In your recent publication, Punk Sociology (2014), you lay down the foundations of a “punk sociology” as a way of reflecting and acting in sociology, leaning on the punk music ethos: being eclectic, raw and do-it-yourself. Does this “punk sociology”, striving to break with boundaries and established working methods, not risk becoming more marginal(ized) as an approach than being fully embraced?
I suspect that it will be quite marginal. I’ve written it to appeal to anyone with an interest in sociology, but it will divide opinion. I can’t really imagine a punk ethos being fully embraced in sociology. But I still felt that it was an argument worth making. My aim in that book is really to help us to collectively reflect on what sociology is and what it might become. It is a call for sociologists to think about how they might respond to the contemporary context. I expect that people will disagree with my punk sociology approach. But I think that such disagreement will be a positive thing. I’m hoping that the book will be provocative and will spark debates about the future of sociology. But I don’t think we should have one vision for the discipline, the Punk Sociology approach encourages such diversity and eclecticism. So, yes, it does risk being marginal and it does risk not being fully embraced. But I hope that it will still speak to people who want to re-animate the sociological imagination or who want to use outside resources to inspire and spark sociological thinking.
While new ways of communicating (social media, blogging, etc.) bring wider and relatively facilitated exposure – as you also highlight in Punk Sociology – they remain far less credited in academia and scientific circles than peer-review publications, for example. Do you have suggestions on how to go about this dilemma and some academics’ reluctance towards such exposure and communication, for fear of receiving less credit for their work?
One of the arguments of Punk Sociology is that we should try out and use different types of communication. But, as I mention in the book, I still think that books and articles should be the bedrock of academic debate and writing. I just think that beyond this we might want to try out alternative ways of communicating our ideas. In some cases this might mean using social media forms to speak more directly to people, but it might also mean exploring different types of outlets. I’ve used my blog thinkingculture.wordpress.com for the last two years, and that has given me a space to talk about and curate interesting materials about culture. The problem is that social media has its own ‘politics of circulation’ (as I’ve described it in a previous book), which means that it is not a neutral form of communication. Social media affords particular circulations of content and we should be aware of that. Being decentralised is not the same as being democratic. So, I think it is important that we maintain a diversity of communication, but that we also develop an understanding of the infrastructures through which our ideas are communicated. The Punk Sociology book suggests that we try out some different approaches and that we try, where possible, to broaden the patterns of communication. But this is not easy, and will take some careful work. A blog post will not carry the same weight as a peer-reviewed journal article, and that is fine. But a blog post has the potential to reach a greater audience, so the two might work alongside one another. My argument in the Punk Sociology book is that we need to be resourceful and think about the ways in which a transforming mediascape might allow different types of communication with different audiences.
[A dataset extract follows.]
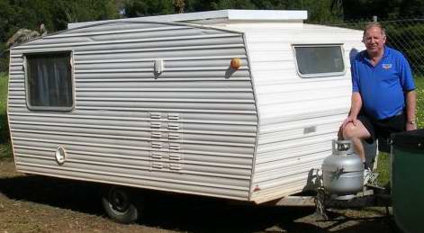 The little caravan is about 8 feet long, 6 feet wide, about 4.5 feet high with a small roof section able to be raised to give some headroom. The caravan has Morris Mini Minor wheels. Ken spent all Tuesday in Port Augusta, and headed north again on Wednesday, when he covered 480 km, another 510 km yesterday and hopes to do the remaining 350 km to Ayers Rock today (Friday).
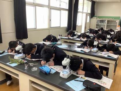 初めての理科室での授業では、ルーペや双眼実体顕微鏡の使い方を学び、タンポポの花のスケッチをしました。みんなルーペで花をみて、しっかりとスケッチすることができました。

In Punk Sociology, you argue that “[a]nyone can be a DIY sociologist. […] if we look at popular culture there are already lots of DIY sociologists out there […] – it does not undermine our position”. But if anyone can do it, does sociology as a whole not risk losing some of its status as a scientific field? It has taken decades for sociology to be recognized in academia, with specific skills to be acquired, giving its research and claims more weight. Do DIY sociologists not risk undermining the work of those who made Auguste Comte’s ideas, sometimes seen as pseudo-science, into an accepted form of science?
Yes, they do risk undermining sociology. But the risk is exacerbated if we don’t acknowledge that other people have things to say about the social world. The point is that contemporary culture is densely packed with commentaries and insights into the social world. In this context, we need to think carefully about what it is that sociology can offer. We can then develop an informed response that makes sociology’s value clear. This is really about trying to understand how sociology might adapt and respond to the context in which it is being produced. I would prefer that we engage with these broader accounts of the social world rather than be scared that they might undermine our scientific credentials. The punk sociology book talks about the risks of playing it safe, being too worried about our credibility is likely to lead us to play it safe – which I think will be counterproductive and detrimental to the discipline. We should aim for a discipline that speaks to people, that is vibrant and exciting, not something that is hampered by its own pursuit of acceptance. Plus, I think an inclusive discipline that people can associate with, and which they feel they can be part of, is much more likely to thrive in the current conditions we face.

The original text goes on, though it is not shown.